This reminds me of another HTML input type that's really poorly implemented across browsers. Namely, date and time input fields.
In that case, it varies so much across browsers to be almost unusable. Some (like Firefox) don't seem to support the calendar aspect, some have a terrible calendar UI, some fallback to the device calendar UI, some let you select invalid dates despite greying them out and that's before you get to the actual data, how it's formatted or the lack of any events associated with the fields.
Honestly, it seems like today's browsers just can't seem to handle any of the newer input types in any reasonable way.
Not only date/datetime/time fields are broken. Also type=number does not work consistently across different locales and different browsers. Some don't let you type decimal comma.
Hi, I'm one of the engineers working on date/time fields [0] (you can see the design document for them here[1]) for Firefox.
We're on the way to support them and hopefully support them well.
Now, I also happen to be working on refactor of our Intl code, so I should be able to help with the number field being inconsistent.
If you can file a bug and prepare a minimized testcase, I'd be happy to fix it! :)

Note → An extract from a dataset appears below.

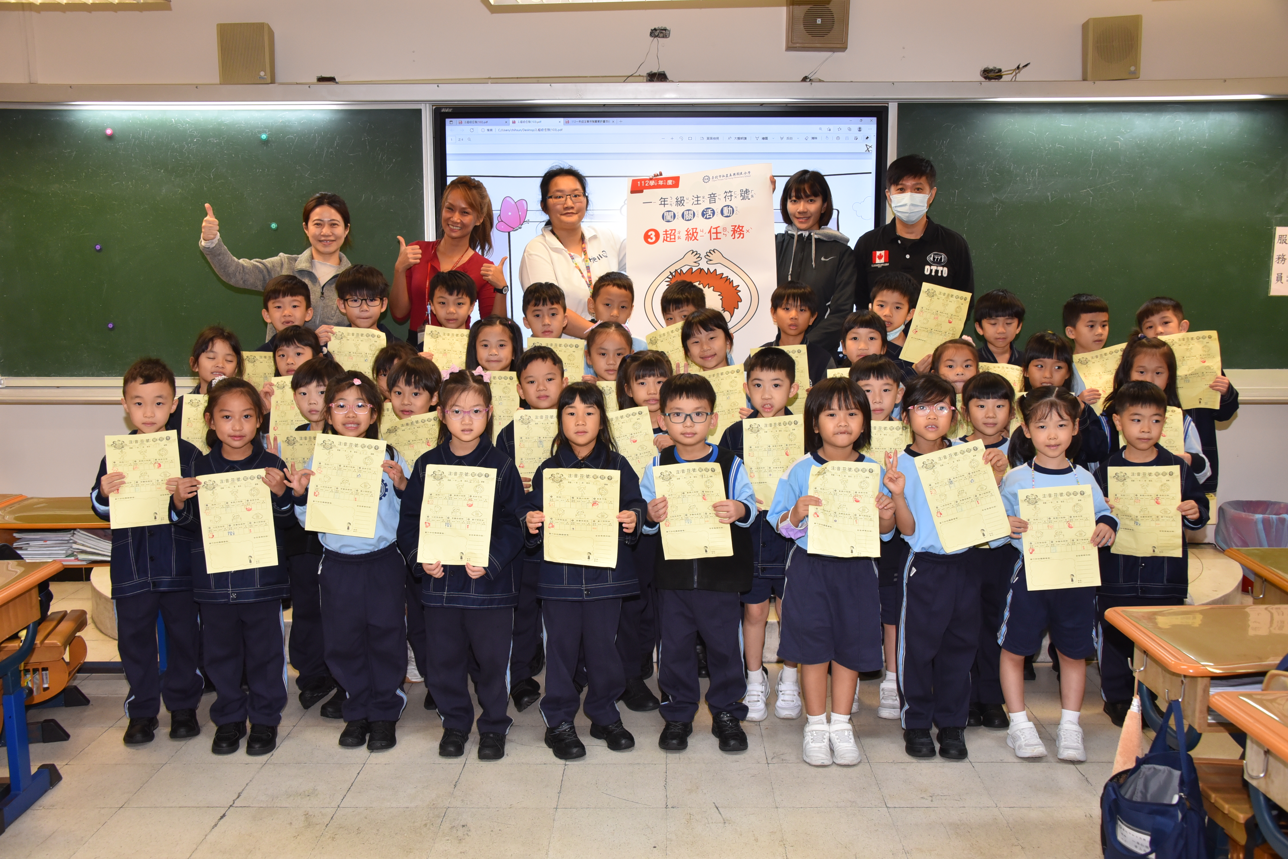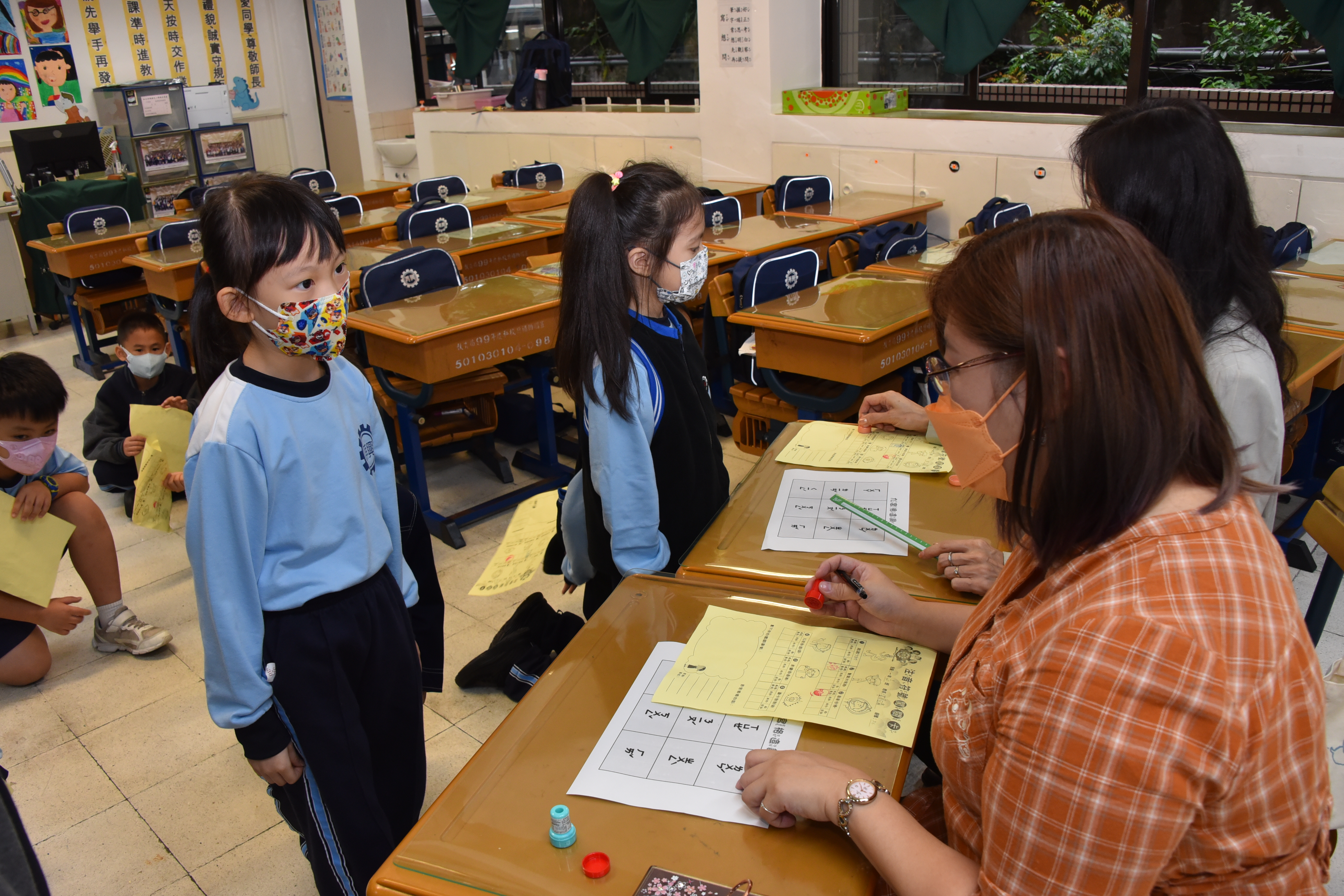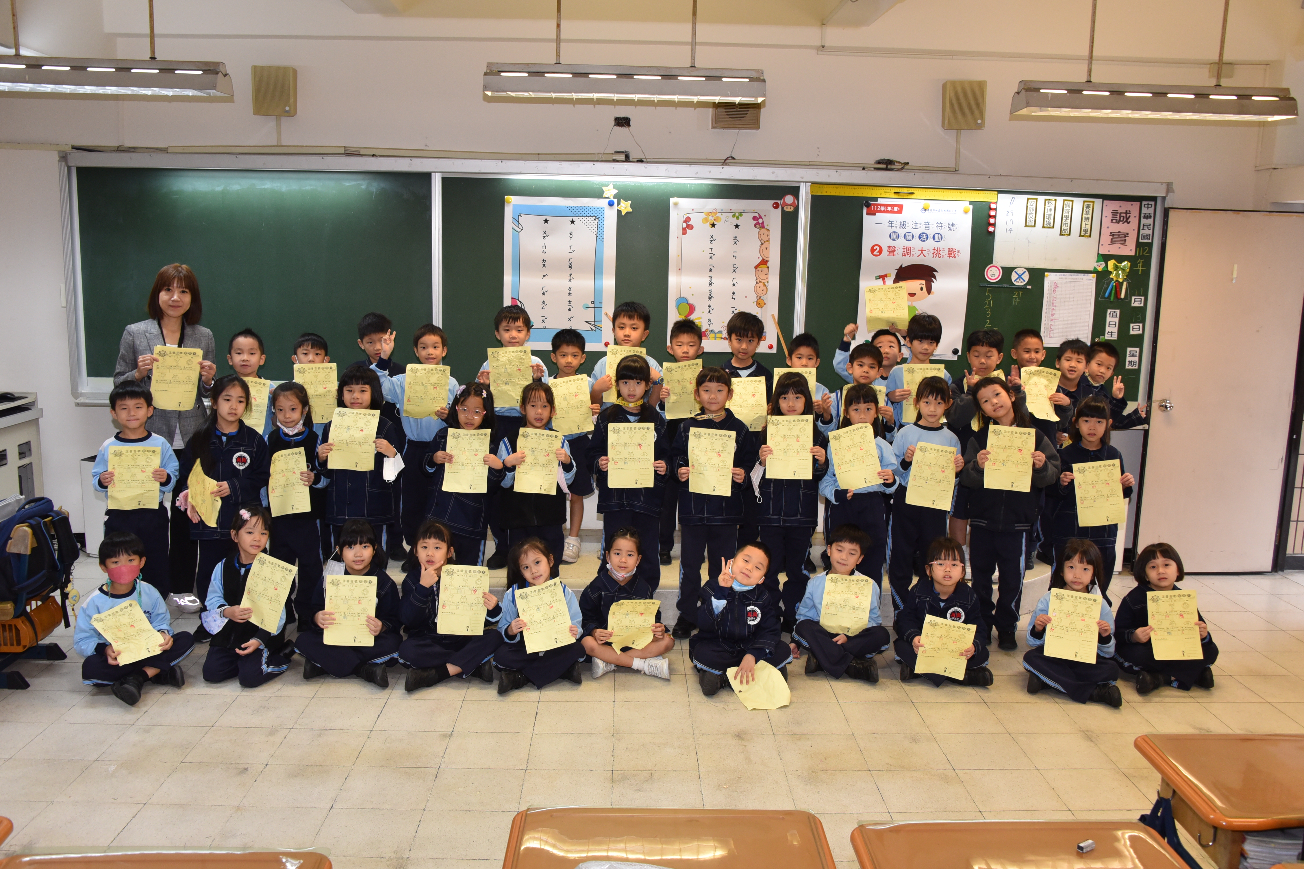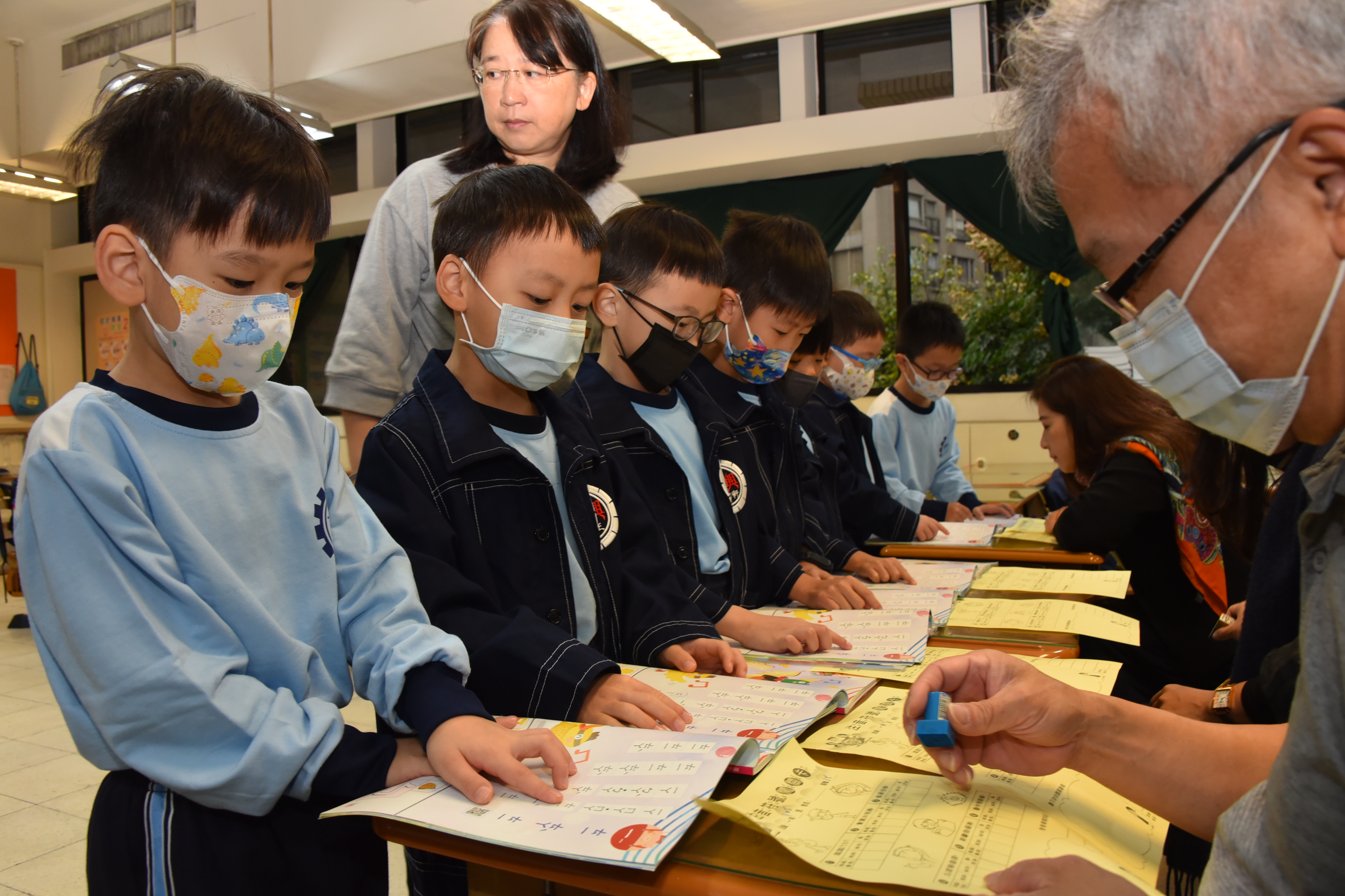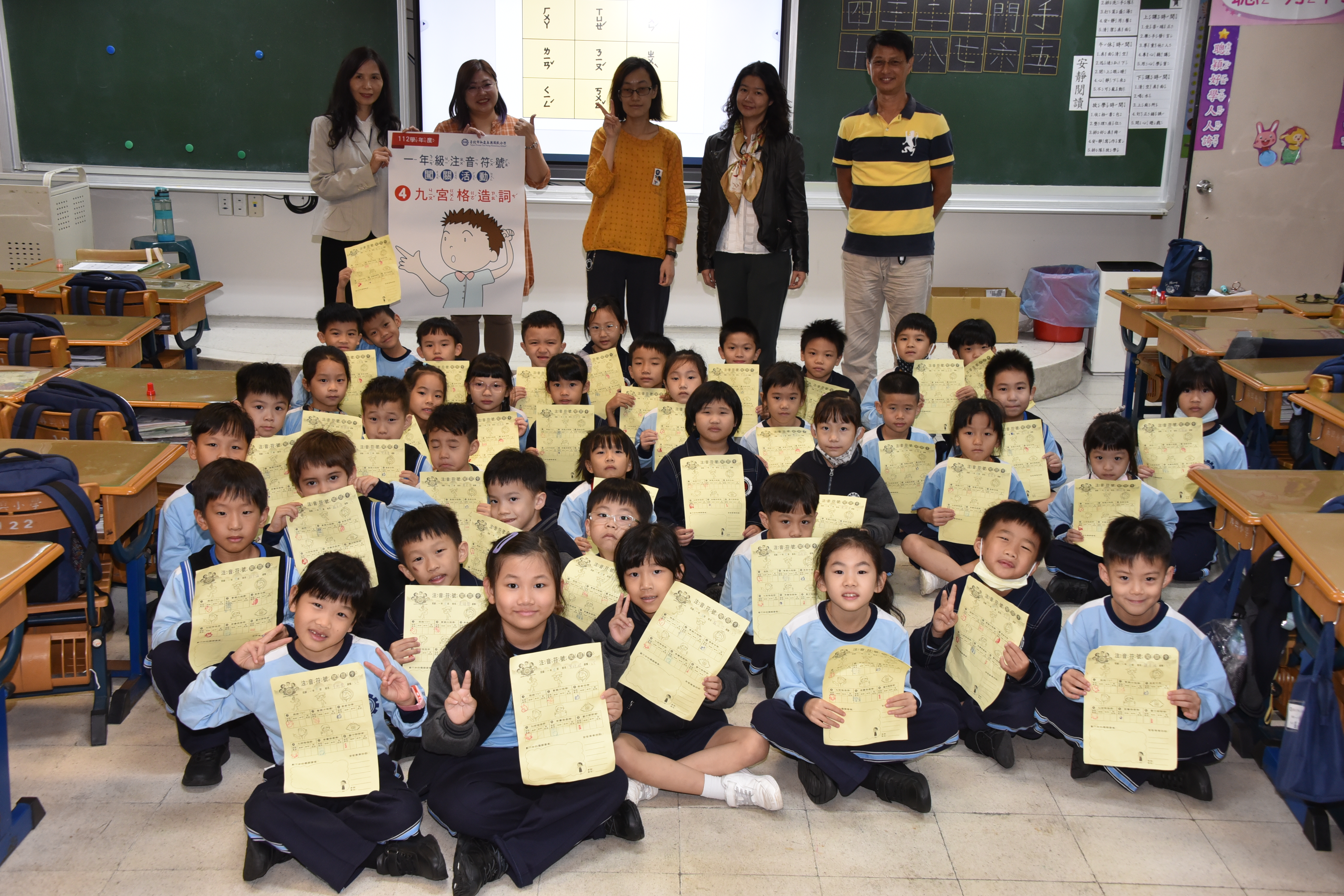 在闖關過程中,學生們積極參與,在導師井然有序的帶領下一一完成每道關卡。有的孩子神采奕奕、活力充沛;有的孩子沉著冷靜、專注投入。在六個關卡中,除了仔細聆聽關主們的規則說明外,也要大聲唸讀、動腦思考,更需要手腳並用動動身體。在每位學生的熱情參與下,也強化了自己對教材內容的理解與認知,展現學習注音符號之成效。而熱情的關主老師們,更是在每位學生認真完成關卡任務後,不吝於給予大力的讚美與掌聲,在闖關卡上蓋上大大的獎勵章!破關後蓋滿六個獎章的孩子們臉上的笑靨,是對自己的肯定與讚美,期許孩子們接下來的國字學習之路充實與豐富,也能更踏實與充滿信心!

Hey @zbraniecki, thanks for the work you're doing. I use type=number cautiously for self-built tools for my own use, but so far have avoided it in production code. Thanks to your effort maybe someday I'll be able to use this 'for real'!
Also with type=number fields: some support showing a leading "0" while others don't. Seems like a small detail, but it all adds up to death by a thousand cuts and custom implementations of everything.
I think this is because its so difficult to support all the different options, like languages and different calendars ...but you're right: getting English + Gregorian consistently right would be a start!
I’ve got a version of Chrome here that, if you query with .value from JS the value of a datetime-local field, returns you a String in "MM/DD YYYY" format. Despite the user’s locale being de_DE.
I’ve also discovered one browser only supporting ISO8601, and another only support it if one removes the time section of it. Another only if you have a time section, but remove the time zone part at the end.
Surely you're not suggesting that the representation of the date that is returned by the browser should be locale-dependent? That would be a nightmare.
Well, it’d be less of a nightmare than returning it in a random locale!
At least when it’s locale-dependent I can use a look up table and parse it somehow, but getting it back in MM/DD YYYY?
I’d love to just get ISO8601 ideally, btw, but who knows if that will ever happen.
(Also, you should check out Microsoft Excel, its date type and CSV converter are both locale-dependent. Locale of the program opening the file, not the file itself. A file created in de_DE will be unusable in en_US)
So Date type, then, but if we're talking input fields, they're also meant to be used with forms submitted without all that JavaScript cruft on top. So if you have to convert the date input to text for sending (or direct retrieval in code), I'd say just stick to ISO. Why? Because it's a standard.
That could be a reasonable default, but you need to give the programmer control over the format, or else everyone will keep using JS-powered replacements.
User agents may transform the value for display
and editing; in particular, user agents should
convert punycode in the value to IDN in the
display and vice versa.
ie you're supposed to be able to type human-readable addresses but they're converted to punycode for submission, because that's what the server will need in order to use the address. The regexp is used to validate the punycode not what the user types.
"they're converted to punycode for submission, because that's what the server will need in order to use the address"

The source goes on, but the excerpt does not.